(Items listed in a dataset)
-*-

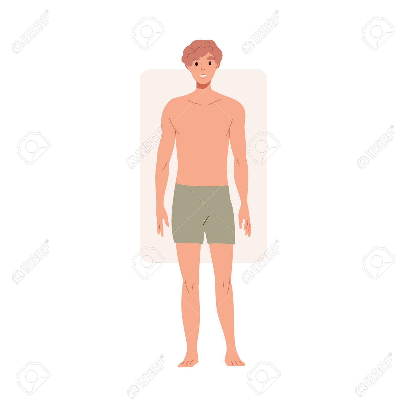 Hombre Con Forma De Cuerpo Rectangular. Retrato Masculino Con Figura Tipo Rectangular. Persona Esbelta Delgada En Baúles Con Proporción Recta, Físico. Ilustración De Vector Plano Aislado Sobre Fondo Blanco Ilustraciones svg, vectoriales,
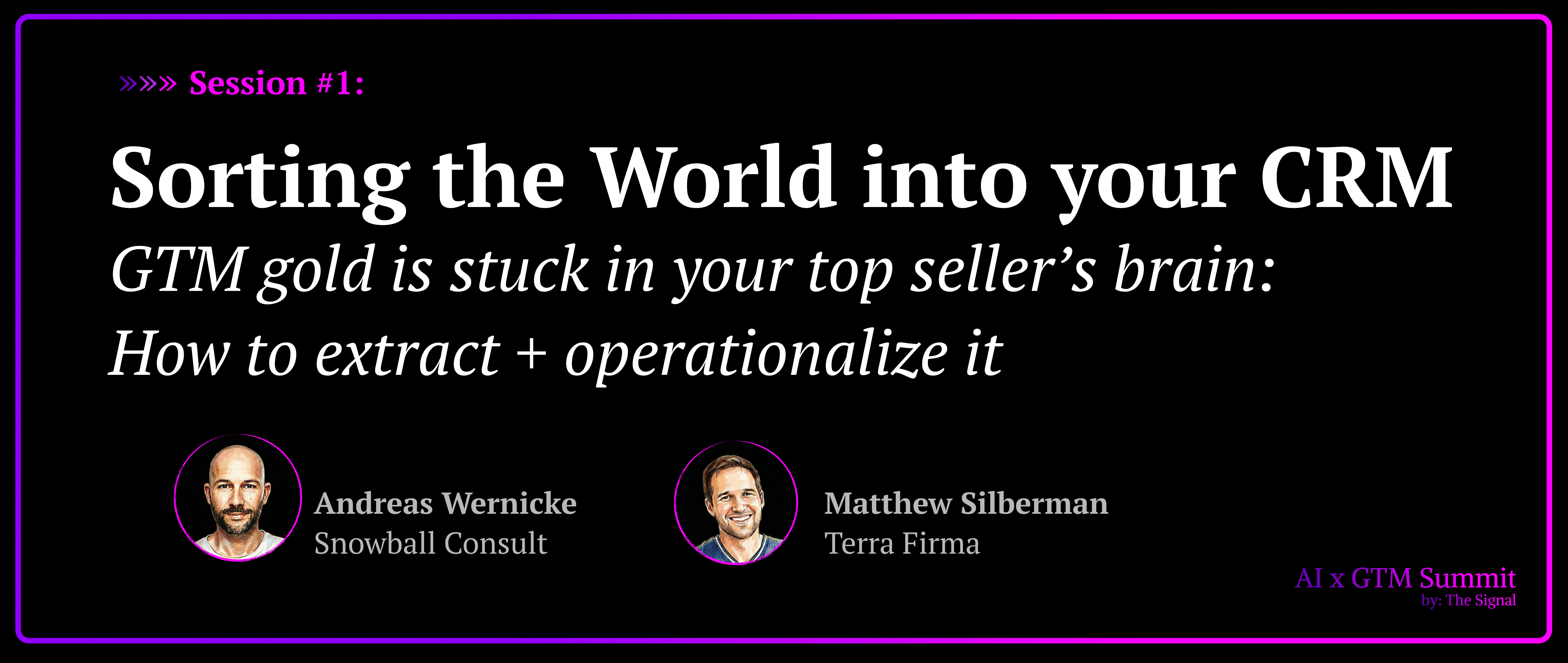 At the AI x GTM Summit, Matthew Silberman (founder of Terra Firma) and Andreas Wernicke (founder of Snowball Consult) laid out a practical roadmap for extracting the tacit knowledge trapped in your best sellers’ brains and how to turn it into scalable, repeatable GTM infrastructure.
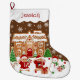 Create a magical holiday moment with this gingerbread house cookie stocking! This detailed design showcases a whimsical gingerbread house surrounded by cookie trees, candy canes, peppermint lollipops, a gingerbread man, a snowman, and a gift box. With a brown background sprinkled with snowflakes, it brings cozy, nostalgic charm to your home. Perfect for gingerbread house enthusiasts, holiday bakers, or anyone who loves whimsical Christmas designs.
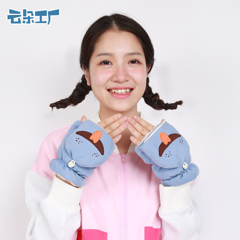云朵工厂 Зимние бархатные милые перчатки, комплект, увеличенная толщина, без пальцев
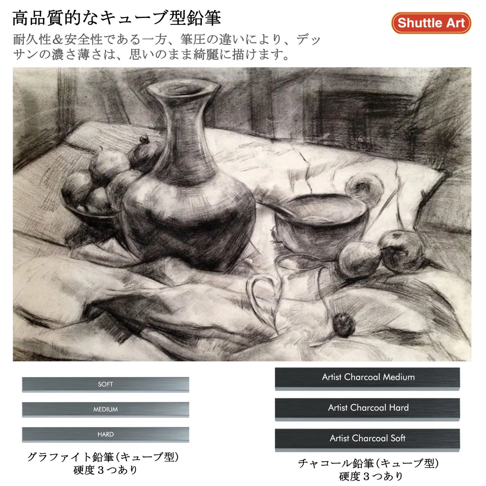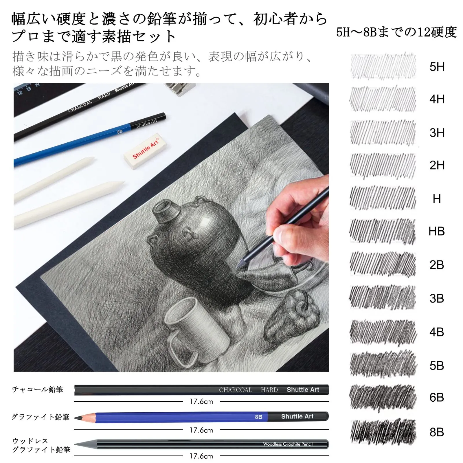 【豊富なバリエーション】5H、4H、3H、2H、HB、B、2B、3B、4B、5B、6B、8B、幅広い硬度と濃さの鉛筆が揃っています。表現の幅が広がり、デッサンの濃さ薄さは、思いのまま綺麗に描けます。芯が柔らかくて、折れにくく磨耗が少ないです。描き味も滑らかで、黒の発色がとても綺麗です。シャープナー、消しゴムやカッターナイフなど必要な道具が付いているので、簡単に素描絵を楽しめ、ご使用中の色々なニーズを満たせる素描鉛筆セットです。
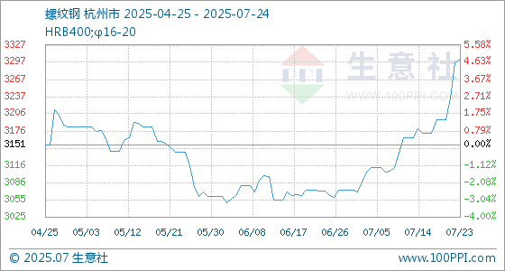 7月24日生意社螺纹钢基准价为3302.50元/吨
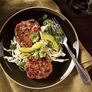 2. Heat a large skillet over medium-high heat. Add 1 tablespoon canola oil to pan; swirl. Add 6 patties to pan; cook 2 1/2 minutes on each side or until done. Remove from pan. Repeat procedure. Serve with Cabbage Slaw.
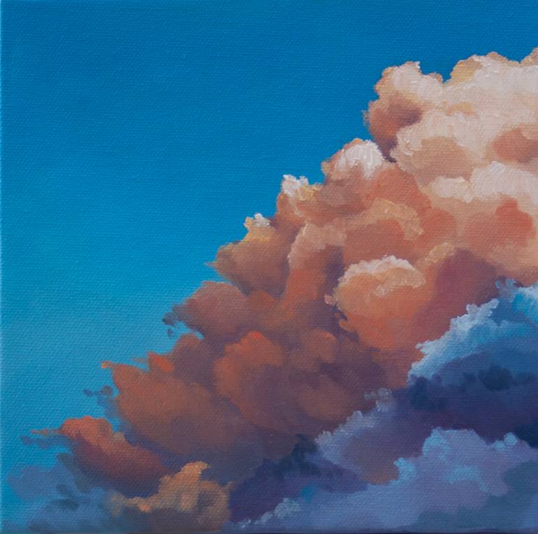 Cloud Burst, oil on canvas, 8 x 8 inches, 2024, ready to hang, painting wraps around edges so framing is optional, signed on back. Nature bath in the peaceful but mighty clouds caught in a sunset.
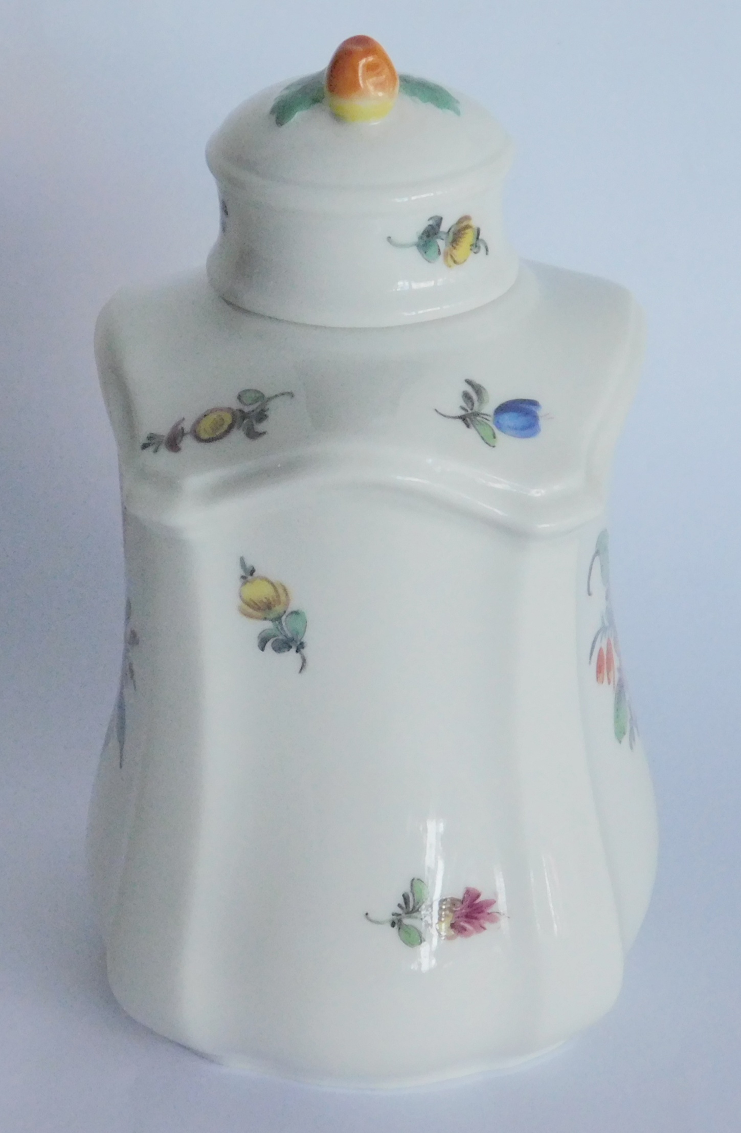 Teedose Nymphenburg, bunte Blumen, handbemalt, I. Wahl, guter Zustand, ca. 8,8 x 7,4 cm, Gesamthöhe mit Blüte auf dem Deckel ca. 12,5 cm, Gewicht ca. 228,2 Gramm.

-*-

_TASK DESCRIPTION_:
All entries above should be returned exactly, apart from their pictures.

_OUTPUT OF THE EXERCISE_:
 Hombre Con Forma De Cuerpo Rectangular. Retrato Masculino Con Figura Tipo Rectangular. Persona Esbelta Delgada En Baúles Con Proporción Recta, Físico. Ilustración De Vector Plano Aislado Sobre Fondo Blanco Ilustraciones svg, vectoriales,
 At the AI x GTM Summit, Matthew Silberman (founder of Terra Firma) and Andreas Wernicke (founder of Snowball Consult) laid out a practical roadmap for extracting the tacit knowledge trapped in your best sellers’ brains and how to turn it into scalable, repeatable GTM infrastructure.
 Create a magical holiday moment with this gingerbread house cookie stocking! This detailed design showcases a whimsical gingerbread house surrounded by cookie trees, candy canes, peppermint lollipops, a gingerbread man, a snowman, and a gift box. With a brown background sprinkled with snowflakes, it brings cozy, nostalgic charm to your home. Perfect for gingerbread house enthusiasts, holiday bakers, or anyone who loves whimsical Christmas designs.
云朵工厂 Зимние бархатные милые перчатки, комплект, увеличенная толщина, без пальцев
 【豊富なバリエーション】5H、4H、3H、2H、HB、B、2B、3B、4B、5B、6B、8B、幅広い硬度と濃さの鉛筆が揃っています。表現の幅が広がり、デッサンの濃さ薄さは、思いのまま綺麗に描けます。芯が柔らかくて、折れにくく磨耗が少ないです。描き味も滑らかで、黒の発色がとても綺麗です。シャープナー、消しゴムやカッターナイフなど必要な道具が付いているので、簡単に素描絵を楽しめ、ご使用中の色々なニーズを満たせる素描鉛筆セットです。
 7月24日生意社螺纹钢基准价为3302.50元/吨
 2. Heat a large skillet over medium-high heat. Add 1 tablespoon canola oil to pan; swirl. Add 6 patties to pan; cook 2 1/2 minutes on each side or until done. Remove from pan. Repeat procedure. Serve with Cabbage Slaw.
 Cloud Burst, oil on canvas, 8 x 8 inches, 2024, ready to hang, painting wraps around edges so framing is optional, signed on back. Nature bath in the peaceful but mighty clouds caught in a sunset.
 Teedose Nymphenburg, bunte Blumen, handbemalt, I. Wahl, guter Zustand, ca. 8,8 x 7,4 cm, Gesamthöhe mit Blüte auf dem Deckel ca. 12,5 cm, Gewicht ca. 228,2 Gramm.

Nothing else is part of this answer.